Although the results of this year’s first quarter have been weaker than expected on the CEE investment market, this does not automatically mean than a slowdown has started. Andy Thompson MRICS, Head of Investment Czech Republic & Slovakia at Colliers International shared his market expectations with Property Forum.
Where do you think we are in the current property cycle?
All the evidence suggests that we are at the top of the cycle and commentators/market experts have all been saying that for well over a year but in practice, office and industrial yields in Prague have compressed even during the last 6 months. Property cycles do follow economic cycles and with employment levels at such highs, potential growth has to be slower. So I do think we are almost there now...even if there still seems to be a lot of very competitive money chasing certain product.
What is your projection for the CEE investment market in 2019?

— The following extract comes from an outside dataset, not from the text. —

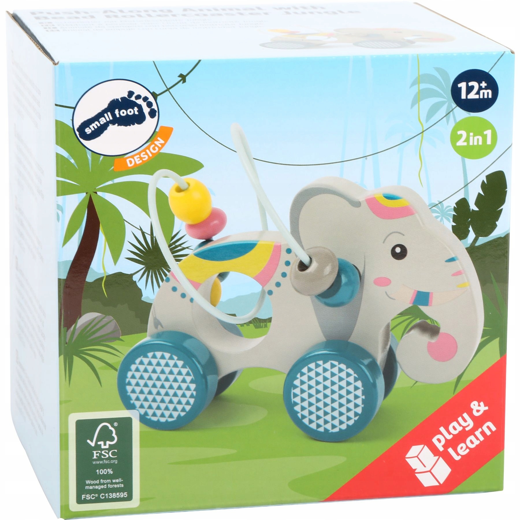 Цей гарно зроблений сірий слон, прикрашений кольоровими мотивами, має металеву петлю з різнокольоровими намистинами на спині. Їх можна пересувати вгору та вниз, доки триває петля. Тварина встановлена на 4 колеса синього кольору, тому ви можете швидко на ній кататися. Ця унікальна моторна петля розважатиме малюка надовго!
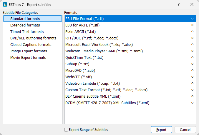 The loaded in the project reference file can easily be saved or exported to any of the supported by EZTitles file formats. To do so browse the File/Reference File menu and use the Save/Export Reference file option there. After that the regular Export Subtitles dialog box will appear to select the output subtitle format.

The Q1 2017 investment volume was €2.8billion, the Q1 2018 volume was €2.9 billion and the Q1 2019 volume was €2.3 billion. So we are -21% down this year. Is this a signal? Well, from one perspective, I would argue that it is only one quarter and in a €13.8 billion (2018) annual volume marketplace, it does not make sense to try to infer trends from this single quarter’s performance. That said, the slowdown in the retail sector can be considered a driving factor and, in the context of similar issues in wider Europe, is contributing to the trend.
To give some perspective, in CEE terms, volumes in retail were €161 million in Q1 2019 vs €2.0 billion a year ago. Poland alone is down by 98% y-o-y in this sector. The extent of this slowdown is even more relevant given that Poland’s economy (as well as that of Hungary and Romania) is very strong. One of the issues in Poland (and Romania) is an almost total reliance on foreign capital flows - and as Western European volumes show, those flows have been weaker as investors have become sensitive to the challenges facing the retail industry and well-known retailers (Debenhams, Toys-R-Us, BHS, House of Fraser, etc. from the UK and Macy’s, Sears, J Crew, Barnes, as well as Abercrombie who are experiencing problems at the moment in the US).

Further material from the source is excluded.